Lung samples were sequentially cut to cover the whole lung volume and stained with hematoxylin, eosin, and saffron (HES) for metastasis quantification. Samples were digitalized on Zeiss Imager Z2 and Metasystems scanner using Metafer4 V3.12.9 and Vslide v1.1.115 softwares at magnification ×20. Images were quantitatively and automatically analyzed using the QuPath Software3133. QuPath was trained for tissue and tumor detection using the pixel classifier. First, color deconvolution was applied automatically, separating hematoxylin, eosin, and residual channels when images were uploaded to QuPath. Then, the tissue slice is automatically detected on each image by applying a pixel classifier. The pixel classifier was obtained by using a threshold value set at 225 Gy levels working at high resolution (downsample = 4) on the average (mean of the RGB) channel after a Gaussian filter (sigma 3). After detection, the final tissue annotation is created by excluding objects smaller than 100,000,000 pixels2 and small holes in the tissue lower than 1,000,000 pixels2. Then, inside the tissue annotation, a pixel classifier based on machine learning was used to recognize metastasis regions automatically.
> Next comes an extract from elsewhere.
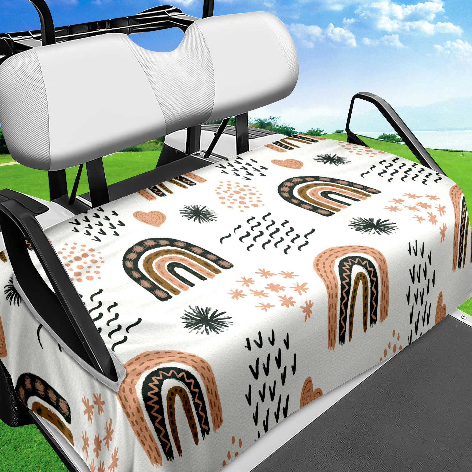 Sarung bantal kereta Golf, penutup kursi tamasya, penutup pelindung microfiber seri pelangi
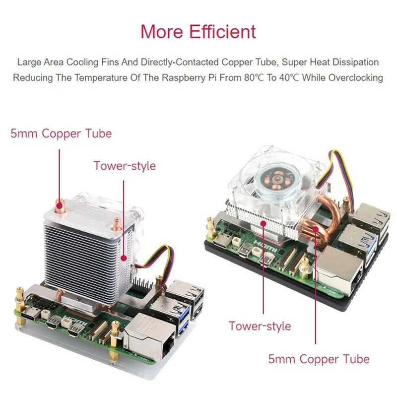 More Efficient: Large Area Cooling Fins And Directly-Contacted Copper Tube, Super Heat Dissipation, Reducing The Temperature Of The for Raspberry Pi From 80℃ To 40℃ While Overclocking.

To improve the robustness of the pixel classifier, a training image composed of 42 tissue regions (1000*1000 pixels) was created from 7 images. The training dataset was manually annotated to classify pixels into 2 categories: tumor and stroma. Then, a random tree classifier was trained on the hematoxylin and eosin channels with the selection of 3 features (gaussian, Laplacian of Gaussian, weighted deviation) at 3 different scales (1, 4, and 8) at high resolution (downsample = 4). Finally, metastasis areas lower than 12,000 pixels2 and holes size under 12,000 pixels2 are removed from the detection. At the end, the percentage of metastasis in the tissue and the total tissue area are extracted. All histopathological assessments were performed blinded.

Statistical analysis

Statistical analysis was performed using one-way or two-way ANOVA and Tukey’s multiple comparisons test. These statistical analyses were performed on GraphPad Prism 10 (GraphPad Software, CA, United States). Data is expressed as mean ± standard error of the mean. The sample size was determined using G*power software.

Results

Tumor growth and toxicity

Slight alopecia appeared on the irradiated region from 12 days post-irradiation and persisted until the end of the study in all irradiated animals (Fig. 2A). No skin toxicities were observed.

Fig. 2.

Fig. 2

Clinical symptoms observed following C-MBRT and conventional 12C irradiations. (A) Representative images of radiation-induced alopecia restricted to the irradiated area observed in the C-MBRT and CT groups, compared to the non-irradiated controls at 28 days post-irradiation. Mice limb were shaved before the tumor cell injection, explaining the slightly uneven fur growth in the non-irradiated control animals (B) Tumor growth curve of mice LM8 osteosarcoma after 12C irradiations. C-MBRT and CT lead to similar tumor control. In black = non-irradiated controls; blue = C-MBRT irradiated group; and red = CT irradiated group. Data are presented as the mean ± Standard error of the mean (SEM) (C) Statistical analysis regarding tumor growth was done using Two-Way ANOVA and Tukey’s multiple comparisons test. p-values < 0.05 were considered significant. *p < 0.05; **p < 0.01; ***p < 0.001; ****p-value < 0.0001.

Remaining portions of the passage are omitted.